Maybe you noticed but Raph is really trying hard to promote his new blog thing wherever he can. In all the forums I follow he went to ask some sort of attention (here, here, here and here). Now I don’t find this bad or something, but it surely looks odd.

You know, you would expect that type of behaviour from *me*, in fact people cannot stop to mock me when I link back something, even when it is in-context. But the point is another. Now Raph is posting restelessly on his blog, his entries took over my RSS feeds. So I wonder what are the real reasons about all this turmoil. Okay, I can understand that he has lots of stuff to write but he is way too restless to make this look just normal.
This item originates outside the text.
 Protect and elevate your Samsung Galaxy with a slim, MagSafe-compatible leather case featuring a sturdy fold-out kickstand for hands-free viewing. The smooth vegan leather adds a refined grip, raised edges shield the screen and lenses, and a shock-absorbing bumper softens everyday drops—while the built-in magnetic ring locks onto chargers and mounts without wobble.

Heck, now he even goes with the livejournal types of tests.

It’s nowhere possible that he’ll keep this pace for long, I give him a month. He is way too restless to make this look like a long lasting interest. He seems frustrated about something, like trapped or something.

I’m not sure if you understand what I mean. I’m not criticizing or blaming him. It’s just that it looks like a frustrated kid with a new toy, he goes all hyper and then loses all the interest two minutes later because he is bothered by something else.
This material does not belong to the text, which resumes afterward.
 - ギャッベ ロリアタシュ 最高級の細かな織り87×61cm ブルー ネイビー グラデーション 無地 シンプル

So, just to make some sense, there are two things. The first is that I don’t belive that Raph will get what he expects from this blog thing and after a month we’ll see him posting every so often if not abandoning the place to just poke at it sporadically like it did with his previous place. The second thing is that he looks really too restless to the point that I recognize something of me in that attitude. And it’s definitely not normal. So there may be something behind.

Or maybe it’s just that nasty blog flu.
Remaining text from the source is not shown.